Normal weather patterns.
Weather-normalized retail electric sales are projected to increase ~1%, including impact of leap year.
Weather-normalized retail firm natural gas sales are projected to increase ~1%, including impact of leap year.
Capital rider revenue is projected to increase $45 million to $55 million (net of PTCs). PTCs are credited to customers, through capital riders and reductions to electric margin.
O&M expenses are projected to increase approximately 2%.
Depreciation expense is projected to increase approximately $180 million to $190 million, which includes $30 million of nuclear decommission which is expected to be recovered from customers in rate filings.
Property taxes are projected to increase approximately $25 million to $35 million.
Interest expense (net of AFUDC - debt) is projected to increase $50 million to $60 million.
AFUDC - equity is projected to increase approximately $20 million to $30 million.
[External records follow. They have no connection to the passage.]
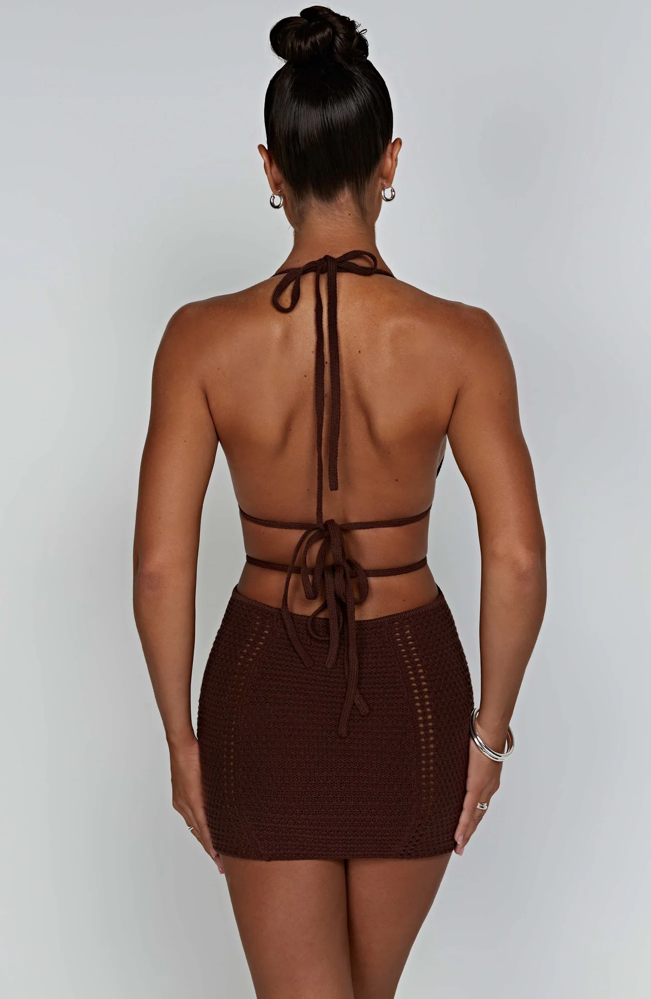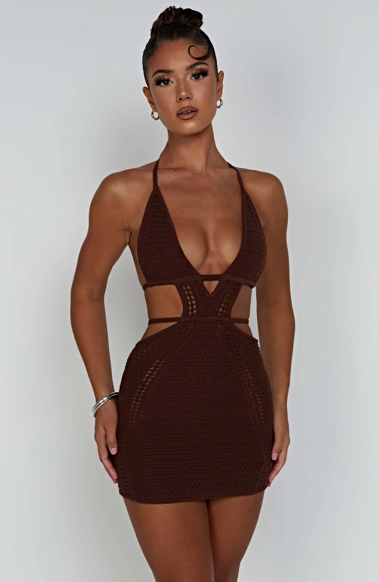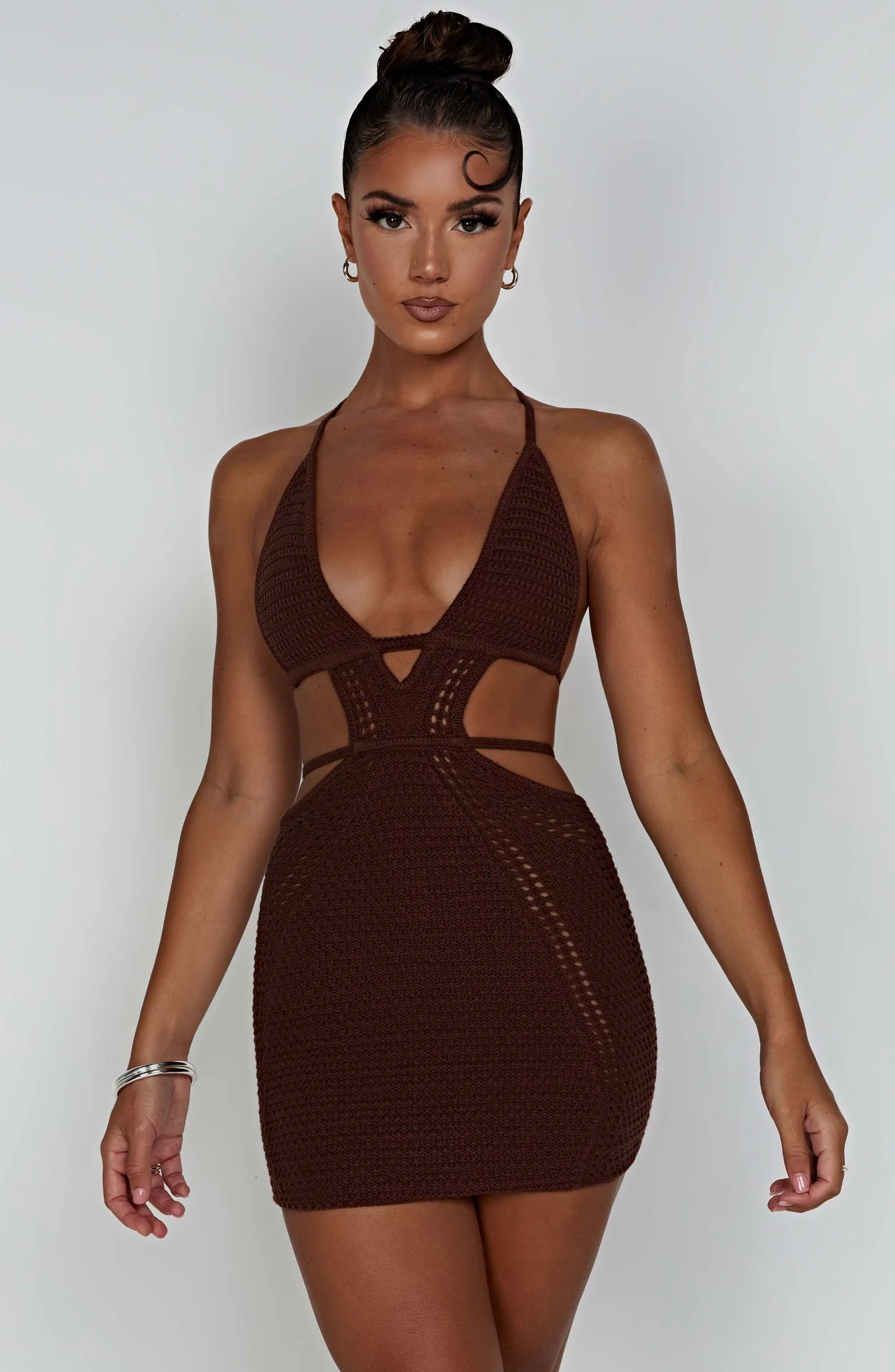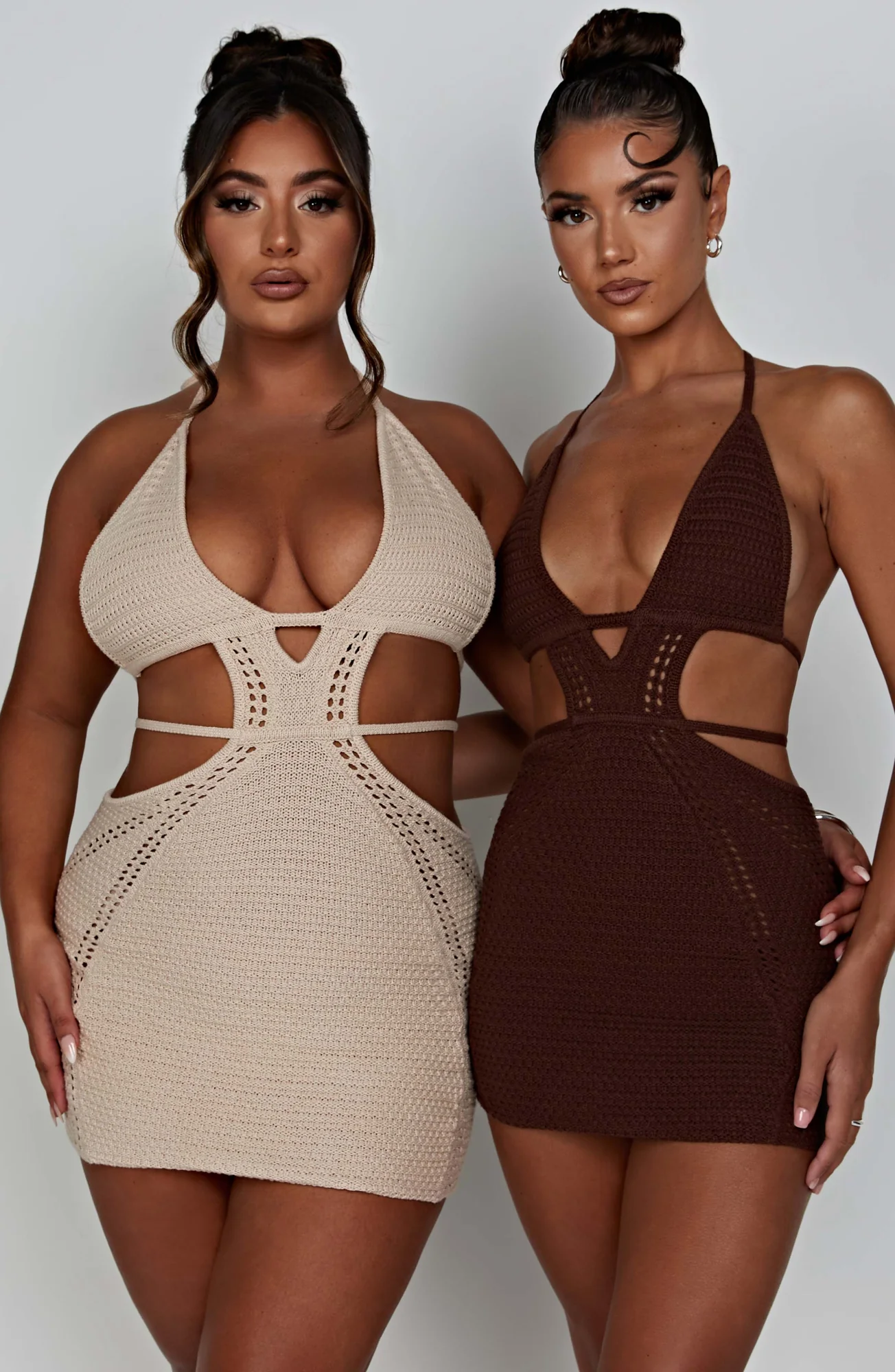 Indulge in the allure of our premium Chocolate Crochet Knit Backless Mini Dress Selena. This effortlessly cool dress, with a fresh cream color, molds to your figure with a slight stretch, offering a sensational fit. The daring plunge neckline and backless detail with ties accentuate your silhouette, while the mini length adds a touch of sophistication. No matter your height, Selena is designed to fit perfectly and can be adjusted to your liking. Made for chic versatility, this dress is a wardrobe essential. Elevate your style with Selena. Color: Chocolate. Material: Premium crochet knit. Features: Plunge halter neckline, cut-out waist, backless ties. Length: Mini. Suitable for all heights. Models showcase XS and XL sizes.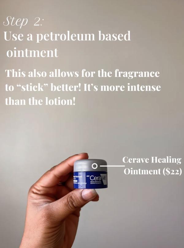 This step takes longevity to the next level. A thin layer of a petroleum-based ointment helps “lock in” the fragrance and slows down evaporation. Think of it as sealing the scent in place. It’s especially helpful for areas where perfume tends to fade quickly.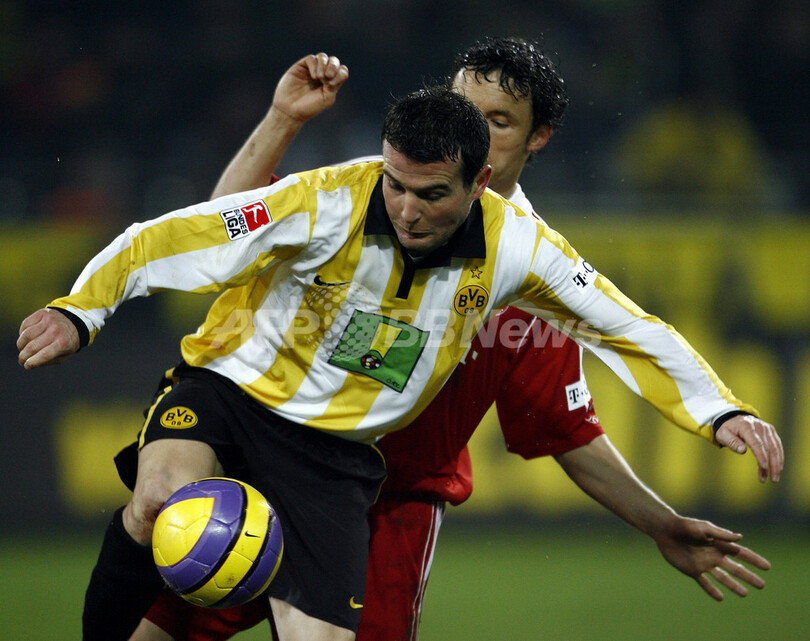 【ドルトムント/ドイツ 26日 AFP】サッカー、ドイツ・ブンデスリーガ・第18節、ボルシア・ドルトムント(Borussia Dortmund)vsバイエルン・ミュンヘン(Bayern Munich)。ドルトムントのアレクサンデル・フレイ(Alexander Frei)は、2得点(前半12分、後半12分)を挙げる活躍をみせチームの勝利に貢献した。試合は3-2でドルトムントが勝利し今シーズン6勝目を挙げた。写真は、ゴールを挙げて歓喜するフレイ。(c)AFP/DDP TORSTEN SILZ
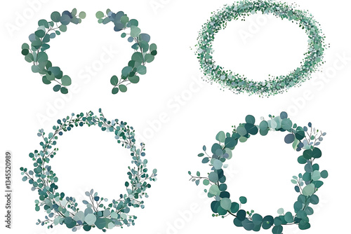 Botanical Illustration of Green Eucalyptus Wreath with Transparent Background for Decoration and Design Floral Leaves Circle Plant Frame Elements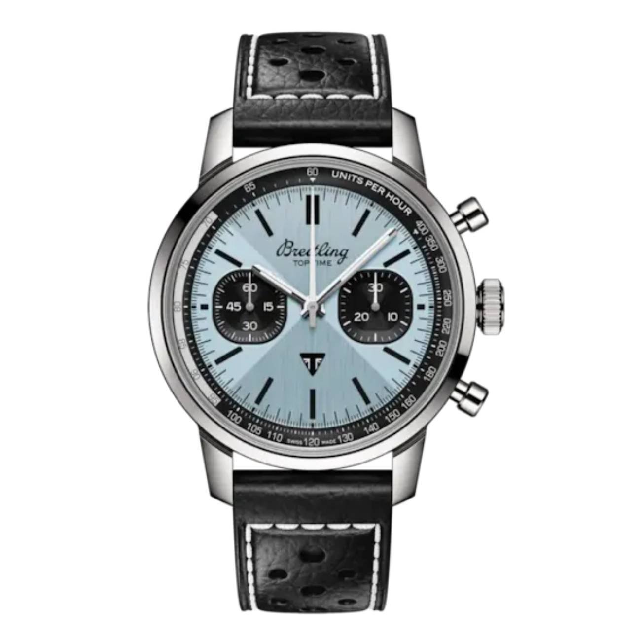 The Breitling Top Time series represents a revival of the brand’s iconic 1960s chronographs, with the Triumph edition paying homage to the legendary British motorcycle manufacturer. This collaboration celebrates the shared values of precision engineering and timeless design that define both brands. The 41mm stainless steel case maintains vintage proportions while housing the sophisticated Breitling 01 movement, known for its reliability and COSC-certified chronometer performance. The ice blue dial, a contemporary interpretation of classic racing colors, features excellent legibility with its clean index markers and contrasting sub-dials. The fixed bezel and 13.3mm case thickness create a streamlined profile that slips comfortably under shirt cuffs, while the black calfskin strap evokes the authentic feel of vintage racing gloves. Ideal for motorsport enthusiasts and collectors who appreciate mechanical sophistication, this chronograph excels as both a daily companion and a statement piece for special occasions. The 100-meter water resistance ensures practicality for active lifestyles, while the meticulous finishing reflects Breitling’s commitment to Swiss craftsmanship and attention to detail.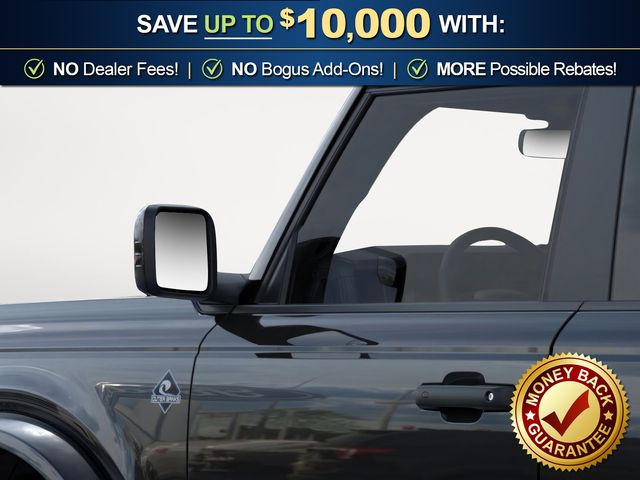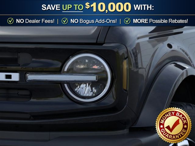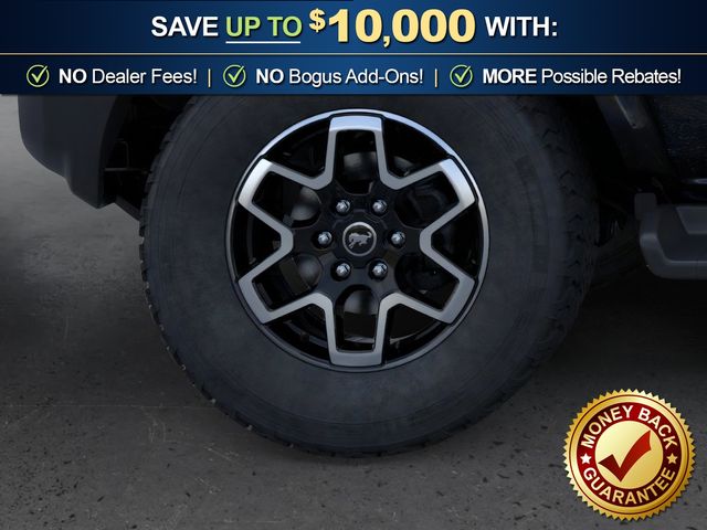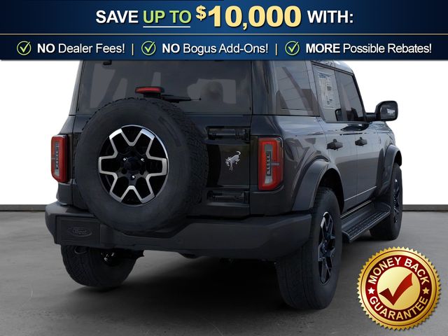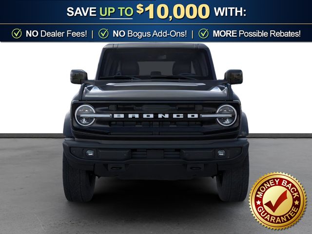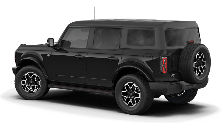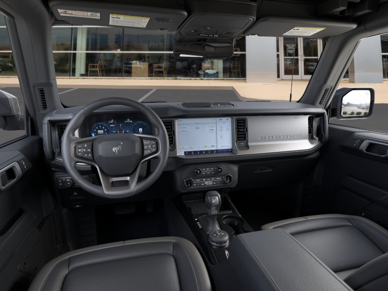 2026 Ford Bronco Outer Banks NFT Shadow Black Outer Banks NFT 4WD 10-Speed Automatic 2.7L EcoBoost V6 18" Bright Machined Aluminum Wheels, 3.73 Axle Ratio, 4-Wheel Disc Brakes, 7 Speakers, ABS brakes, Air Conditioning, Alloy wheels, AM/FM radio: SiriusXM with 360L, AM/FM Stereo, Auto High-beam Headlights, Auto-dimming Rear-View mirror, Automatic temperature control, Brake assist, Compass, Connected Navigation, Delay-off headlights, Driver door bin, Driver vanity mirror, Dual front impact airbags, Dual front side impact airbags, Electronic Stability Control, Emergency communication system: 911 Assist, Exterior Parking Camera Rear, Ford Connectivity Package (1-Year Included), Front anti-roll bar, Front Bucket Seats, Front Center Armrest, Front dual zone A/C, Front fog lights, Front reading lights, Front wheel independent suspension, Fully automatic headlights, Hard Top Sound Deadening Headliner, Heated door mirrors, Heated front seats, Heated Leather-Trimmed/Vinyl Bucket Seats, Heated steering wheel, Illuminated entry, Integrated roll-over protection, Leather Shift Knob, Low tire pressure warning, Navigation system: Connected Navigation, Occupant sensing airbag, Outside temperature display, Overhead airbag, Overhead console, Panic alarm, Passenger door bin, Passenger vanity mirror, Power door mirrors, Power driver seat, Power passenger seat, Power steering, Power windows, Radio data system, Rear seat center armrest, Rear-Window Defroster and Washer, Remote keyless entry, Security system, Shadow Black-Painted Hard Top, SiriusXM with 360L, Speed control, Split folding rear seat, Steering wheel mounted audio controls, SYNC 4, Tachometer, Telescoping steering wheel, Tilt steering wheel, Traction control, Trip computer, Variably intermittent wipers, Voltmeter.

The ETR is projected to be approximately 0%. The ETR reflects benefits of PTCs which are credited to customers through electric margin and will not impact net income.
(a)  
Ongoing earnings is calculated using net income and adjusting for certain nonrecurring or infrequent items that are, in management’s view, not reflective of ongoing operations. Ongoing earnings could differ from those prepared in accordance with GAAP for unplanned and/or unknown adjustments. Xcel Energy is unable to forecast if any of these items will occur or provide a quantitative reconciliation of the guidance for ongoing EPS to corresponding GAAP diluted EPS.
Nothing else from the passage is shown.